One must reply that one thing can be hotter than another in two ways: either formally or accidentally. Formally, the more rarefied are hotter than the dense, as air is hotter than water and fire hotter than earth. But accidentally, heated solids are hotter than rarefied things, seeing that the heat is incorporated into them more and is preserved longer. This is why heated iron heats more than the hottest water, owing to the subject's solidity. And this is why, formally speaking, the spirits are hotter than the heart, but speaking accidentally the heart is hotter than the spirits because it is more solid than they are, and this is why the heat is incorporated into it more and is retained longer.

By this, a solution to the arguments is apparent.

Whether a heart so flows to the other parts that it receives nothing from them.

One inquires further whether a heart flows to the other parts in such a way that it receives nothing from them.[1]

It seems not. Because everything acting physically undergoes something when acting and is moved when moving. But the heart is a thing that moves physically and acts. Therefore, it undergoes something and is moved. But every thing that is moved and undergoes something receives something from something else. Therefore, etc.

Moreover, the heart is situated opposite the brain, so that it receives tempering from the brain's coldness. Therefore, it does not flow to the other parts in such a way that it receives something from others.

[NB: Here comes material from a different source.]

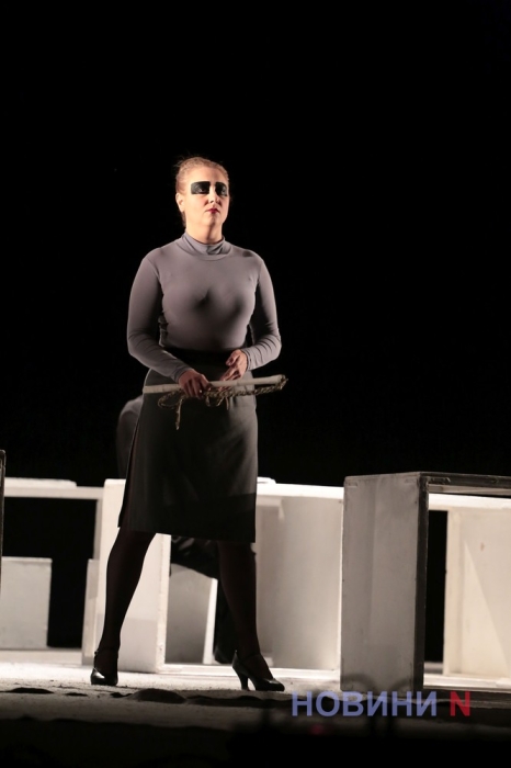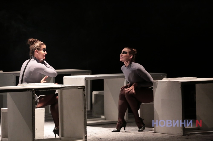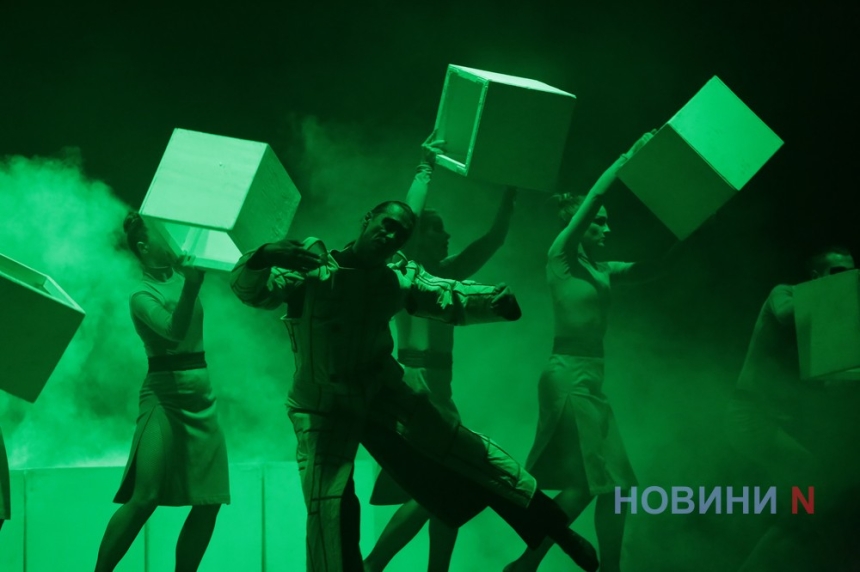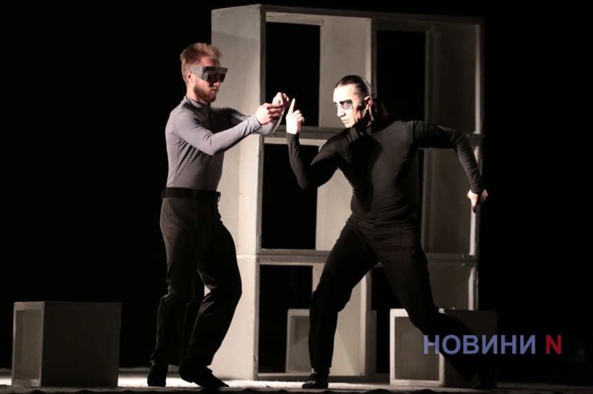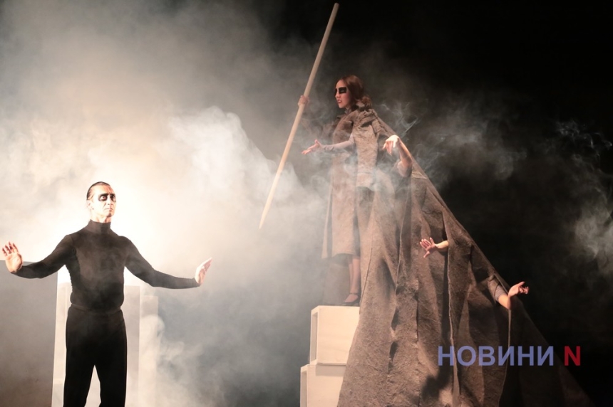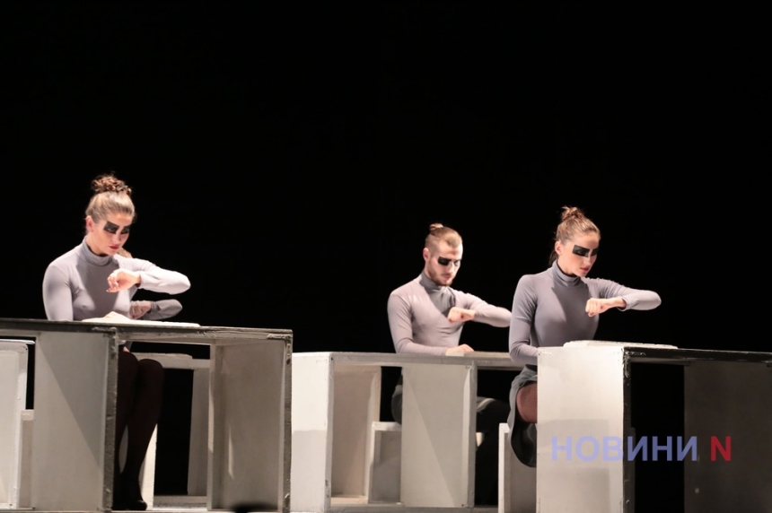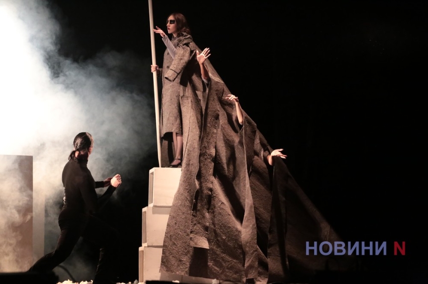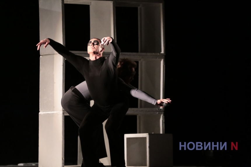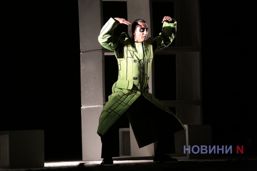 Во вторник, 7 октября, в рамках XIV фестиваля «Homo Ludens», на большой сцене Николаевского академического художественного драматического театра артистами Сумского национального академического театра драмы и музыкальной комедии имени Щепкина был показан пластический перфоманс «Шинель». Режиссер – Артем Вусик.

The Philosopher says the opposite.

To this, one must reply that some members are only receiving members, like flesh and bone, and others are receiving members and also flow out to others, like nerve and vein, since what they receive from others they infuse into others, and then there is some member that so infuses that it does not receive. This is apparent from the Philosopher's argument in the eighth book of the Physics, where he says that if two can be found joined and still another can be found that exists per se, and yet another remaining one can be found that exists per se, as if something is both moving and moved, and something else is so moved that it is not moving, then it will also be possible to find something that is so moving that it is not moved. So in his premise. But this rule should be understood with respect to things that are united accidentally.

Nevertheless, one must understand that reception is of two types: one is virtual and the other is material. And the material can be of many types, just as one of the members receives from another so that what has been lost is restored or so that its disposition will be rendered temperate. And the heart receives from the other members in these ways. For it receives nutriment from the stomach and from the liver and veins, for it is subject to loss just as are the other members. Moreover, it receives cooling through the lungs' drawing power, because the lungs serve as a fan for the heart, and likewise it receives cooling through the coldness that flows in from the brain. But virtual reception does not suit the heart in comparison to the other members because the heart is the first seat and first dwelling or domicile for the soul, infusing power to all the other members, and it does not receive power from them but only accidental or material dispositions.

In this way a solution to the arguments is apparent. For they prove that the heart receives something from other parts, but they do not show that power flows to it from other parts.

  • [1] "Flows to": throughout this section, A. uses the verb influo without restraint. At any given time it can mean "flow to," "influence," or "infuse." Cf.